Why You Shouldn’t Drink Too Much Water

symptoms of drinking too much water

Is It Possible To Consume Too Much Water?

Have you ever wondered about the pros and cons of drinking water?

Did you know that you can overdoes on H2O?

There’s so much marketing behind drinking refreshing and so-called rejuvenating beverages that rehydrating can be more of a fad than a healthy practice. Sometimes, this is the culprit to excessive drinking. This excessiveness is even for fluids we see as beneficial to the body.

The health consciousness many practice also plays a role in drinking more and more on a daily basis.

So What Are the Cons to Drinking Too Much?

If you drink too much fluids, especially in one setting, that drinking can lead to what is known as hyponatremia. Yes, it is a medical condition, and one to be avoided. It describes a disposition when the body no longer contains the right levels of sodium. Sodium is the chemical term for salt.

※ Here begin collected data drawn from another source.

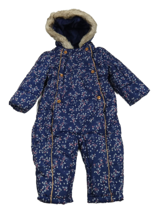 Tmavomodrá květovaná šusťáková zimní kombinéza s kapucí Mothercare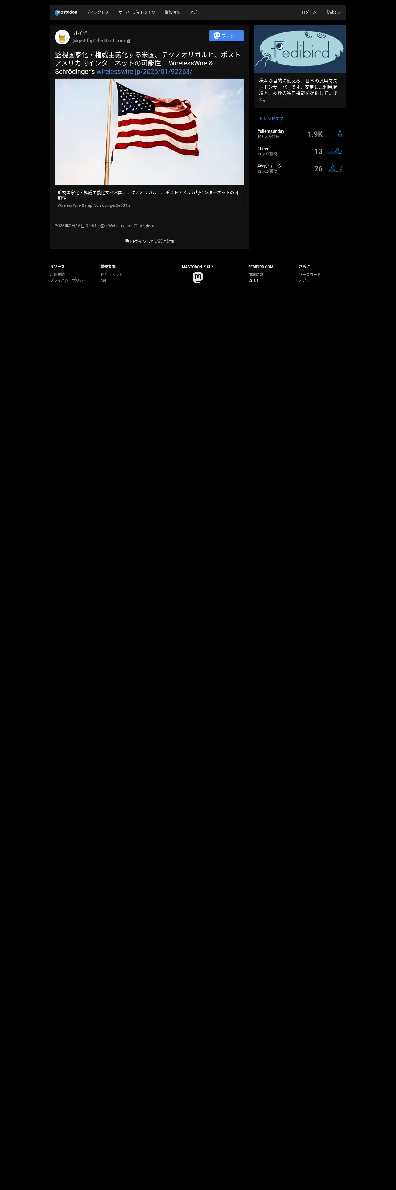 取得元URL: https://fedibird.com:443/@gaitifuji/116079923132880568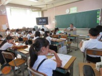 1組は算数のテスト中。終わった児童もたくさんいました。2組は3年生とすもうの取り...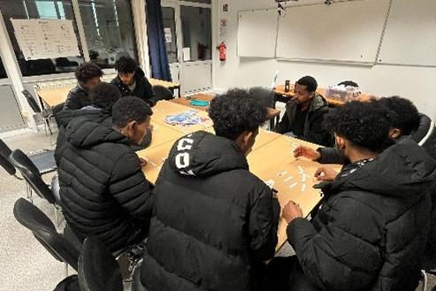 In de refter en klaslokalen schuiven grofweg honderd anderstaligen aan bij een vrijwilliger naargelang hun taalniveau. “De vijftien vrijwilligers modereren en stimuleren het gesprek door interessante vragen te stellen, taalspelletjes voor te bereiden en een gezonde dosis nieuwsgierigheid in te brengen”, vertelt medewerkster Leen Gaublomme. Ze haalt enkele klassieke gespreksstarters aan: “Wat heb je deze ochtend gegeten? Kun je jouw buur uitleggen wat er op deze afbeelding staat? Wat zijn jouw grootste dromen?”
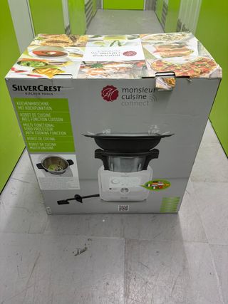 Gemini said Monsieur Cuisine Connect - SilverCrest (Lidl) ¡El robot de cocina más buscado! Vendo Monsieur Cuisine Connect de SilverCrest, en su embalaje original y con todos sus accesorios incluidos (vaporera, cesta, mariposa, espátula). Un aliado perfecto para ahorrar tiempo cocinando de forma guiada y sencilla. Cuenta con pantalla táctil de 7 pulgadas, conexión Wi-Fi para descargar recetas y funciones de báscula, amasar, cocción al vapor y mucho más. El robot está en perfecto estado y listo para usar. Hago envíos rápidos por Wallapop. ✨
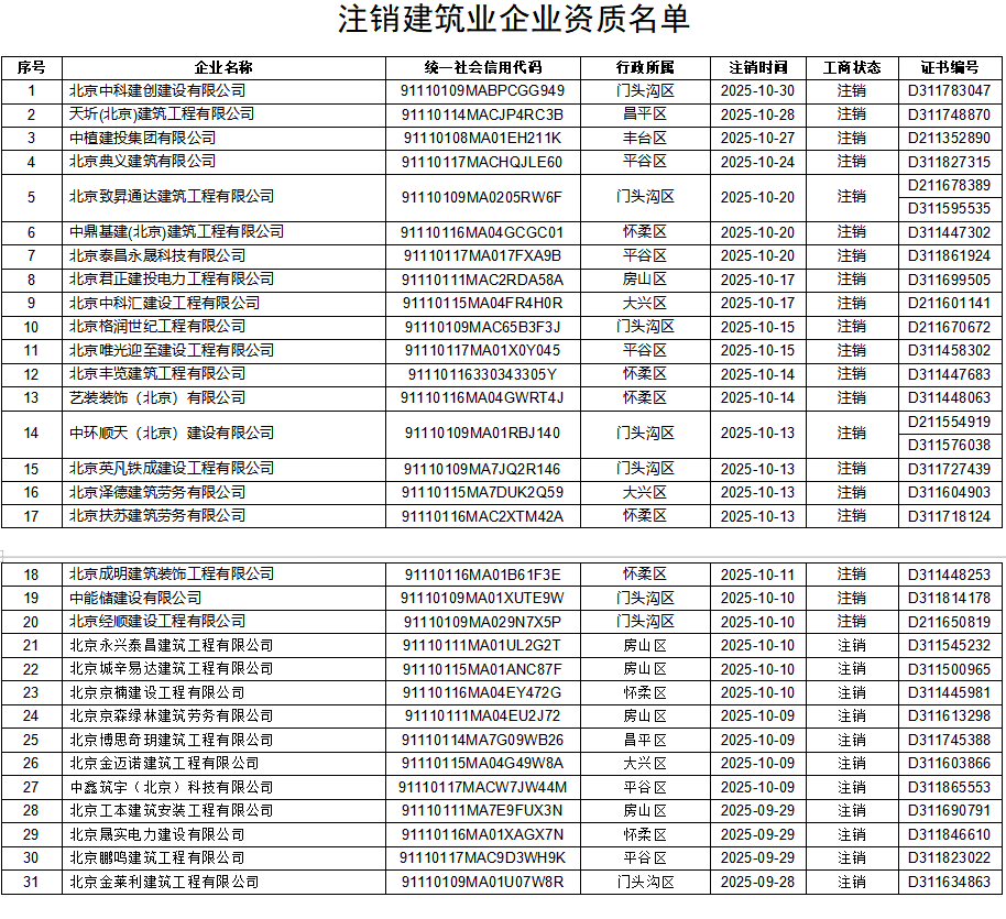 北京中科建创建设有限公司等31家建筑业企业工商营业执照已注销或被吊销,企业依法终止。

Bits of it are excreted in sweating.

When hyponatremia occurs, however, the sodium–or salt–in the body is so diluted that it has little affect on the internal human processes. It’s sodium that helps the body to balance the fluids it has. It helps to keep water in blood plasma and other fluids in your cells where they belong.

When that sodium is diluted, water and other fluids begin to flood the body in drastic ways. Cells become swollen due to the excess fluids building up in them.

This can lead to water also building up and expanding parts of the brain.

Symptoms of Hyponatremia To Consider

The result of an overbearing load of fluid, when it doesn’t leave the body, results in bloating. This is related to the expansion of cells as mentioned earlier. If you ever feel bloated, consider how much and how fast you’re drinking water.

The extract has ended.